Then the symbolic execution assignment logic 52 signals the stall
generation logic that it can proceed with instruction issue, that
is it may disregard the stall conditions associated with
instructions designated for symbolic execution (marked as signal 64
in FIG. 4). The symbolic execution assignment logic also sends
control signals (marked as 66 in FIG. 4) to the Instruction Side
Buffer indicating that it must accept the corresponding instruction
from the issue logic. The symbolic execution logic may also supply
information to the instruction side buffer indicating the minimum
number of cycles that an instruction entering the instruction side
buffer must spend in the instruction side buffer before the operand
dependency is cleared (that is before the operand that caused the
entry of the instruction into the instruction side buffer is
available in the register file or through a bypass).

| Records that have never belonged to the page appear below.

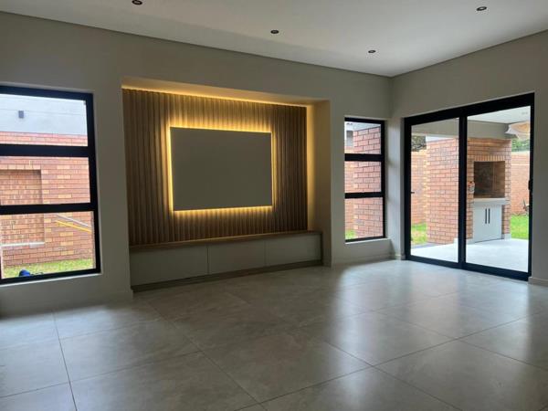 New Development Property in the Heart of Brackenhurst. Step into refined living with this newly built home in the heart of Brackenhurst. This elegant three-bedroom residence features a luxurious master en-suite, complemented by a modern kitchen finished with quartz countertops and a separate scullery. The open-plan design seamlessly connects the lounge, dining, and living areas, creating a spacious and inviting atmosphere.
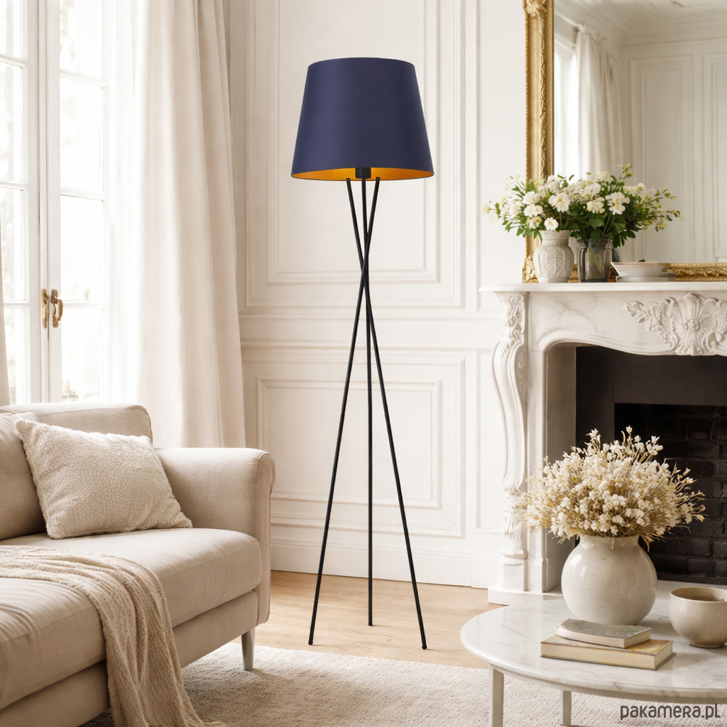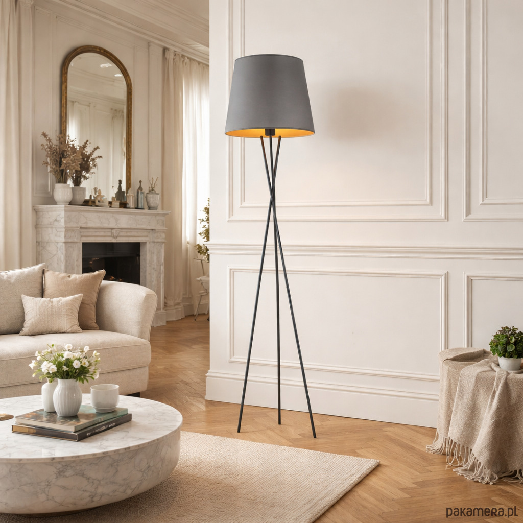 Nowoczesna lampa stojąca na trójnogu z abażurem TOKIO GOLD
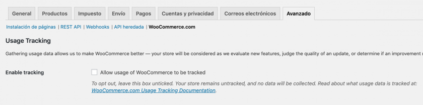 WooCommerce ha declarado que no rastrearán los sitios que opten por no participar o que no tengan conexión con WooCommerce.com, y además tienes la opción de quitar el seguimiento, en WooCommerce > Ajustes > Avanzado > Woocommerce.com > Seguimiento de uso, para cambiar las preferencias en cualquier momento.
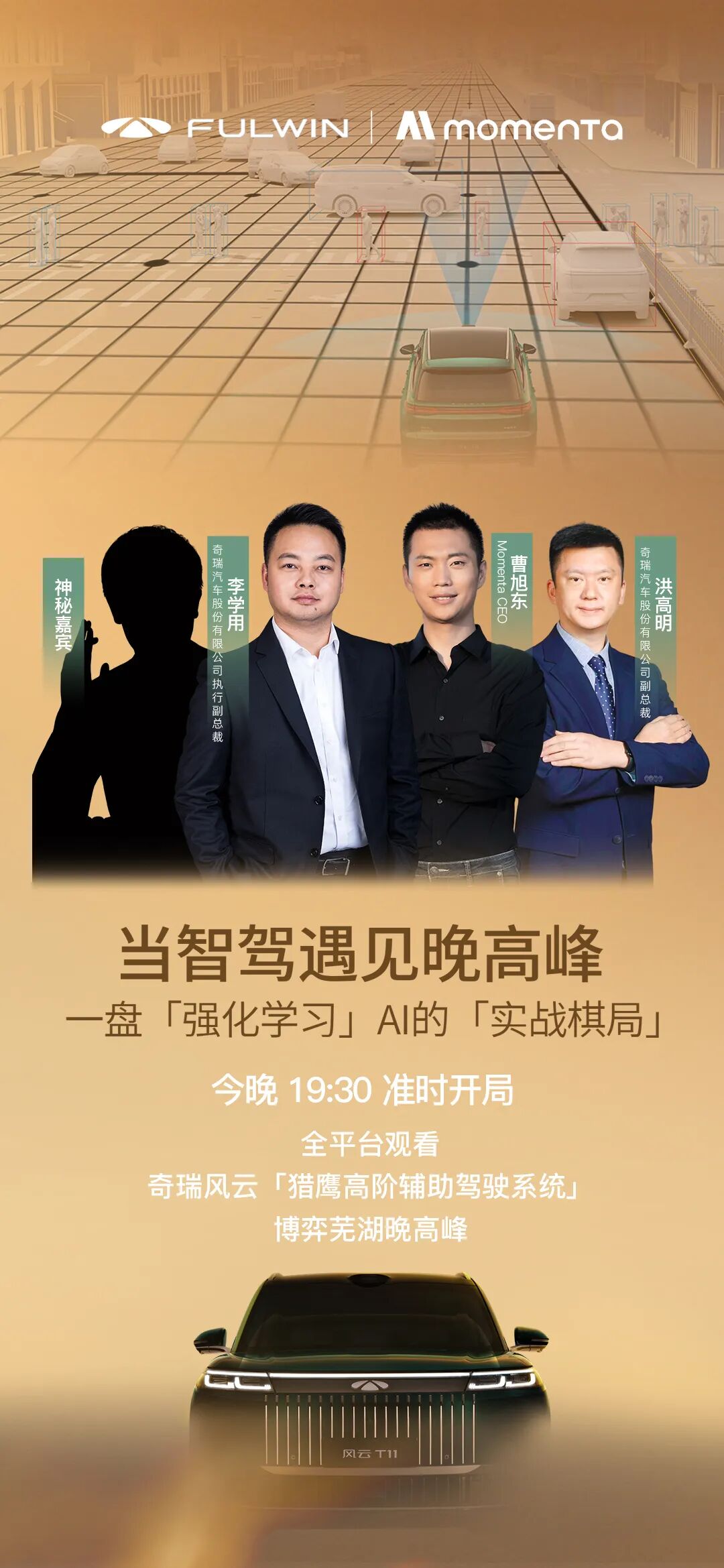 今晚,搭载Momenta R6 飞轮大模型的奇瑞风云T11将在安徽芜湖市区上演一场真实路况下的「晚高峰博弈实战」!我们特邀一位神秘巨星空降现场,与奇瑞执行副总裁李学用、Momenta CEO 曹旭东共同见证AI对弈城区路况的“实战棋局”。
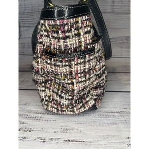 This Coach Galaxy Tweed Tote Bag is a stylish and versatile accessory for women. It has a unique pattern of black, pink, and tan colors that make it stand out in any crowd. The bag is made with high-quality tweed material that is both durable and stylish.
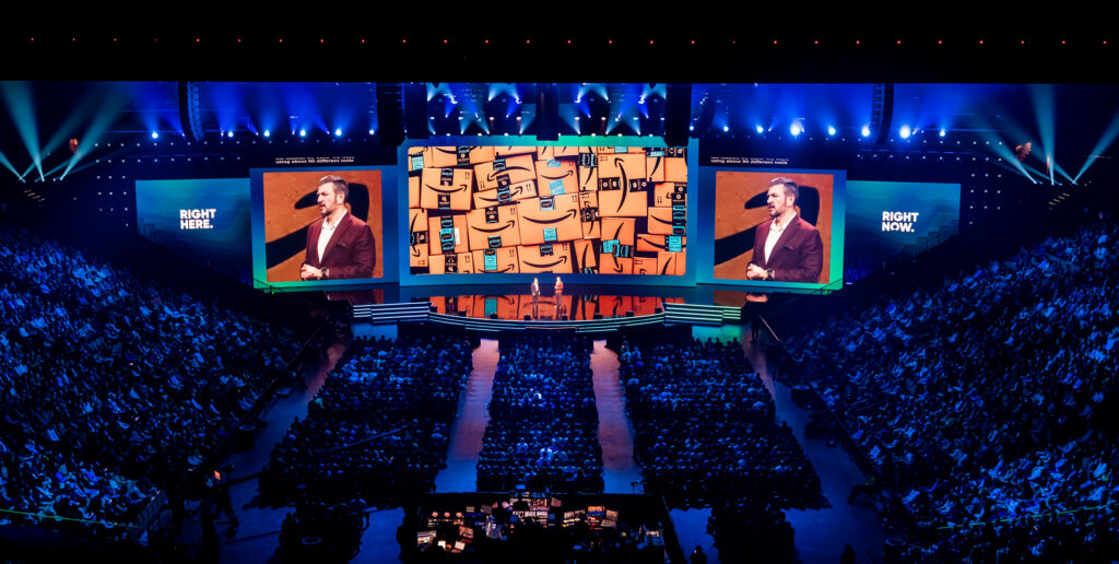 We led the design and execution of the keynote experience, crafting impactful visual storytelling and seamless production that brought ServiceNow’s vision to life on stage. From concept development to stage design, motion graphics, and show production, we ensured every element of the keynote supported ServiceNow’s message and resonated with its global audience.
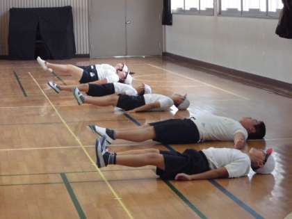 柔軟や腹筋をしていました。
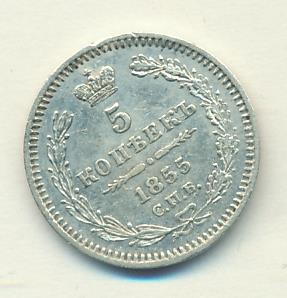 Лицевая сторона — новый гербовый орел с поднятыми крыльями, оборотная —обозначение номинала (5 копеекъ), окруженное венком из лавровой и дубовой ветвей и дата. Проба — 868, нормативный вес — 1,04 грамма.
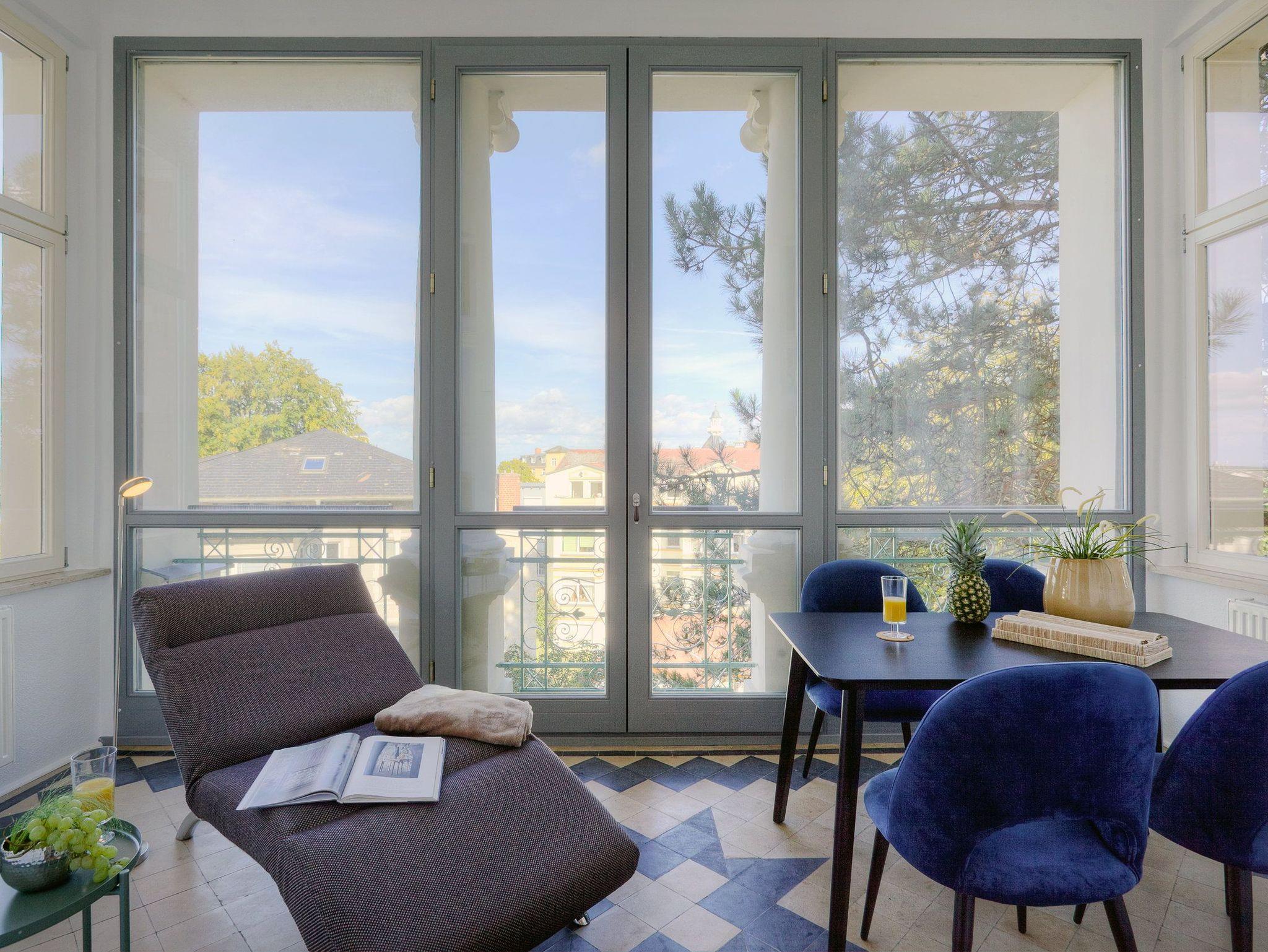 Genießen Sie einen traumhaften Blick über Heringsdorf in der elegant möblierten Villa Schlossbauer, Apartment Nr. 9.

[0032] Embodiments of this invention may or may not target the
elimination of single-cycle stalls. For example, the symbolic
execution may be limited to instruction with dependencies that
would have caused a multi-cycle stall, but not single-cycle stalls.
Another embodiment of this invention may force a stall of the issue
stage on the cycle that an instruction designated for symbolic
execution enters the instruction side buffer, and thus only
eliminate the second stall cycle and the following stall cycles.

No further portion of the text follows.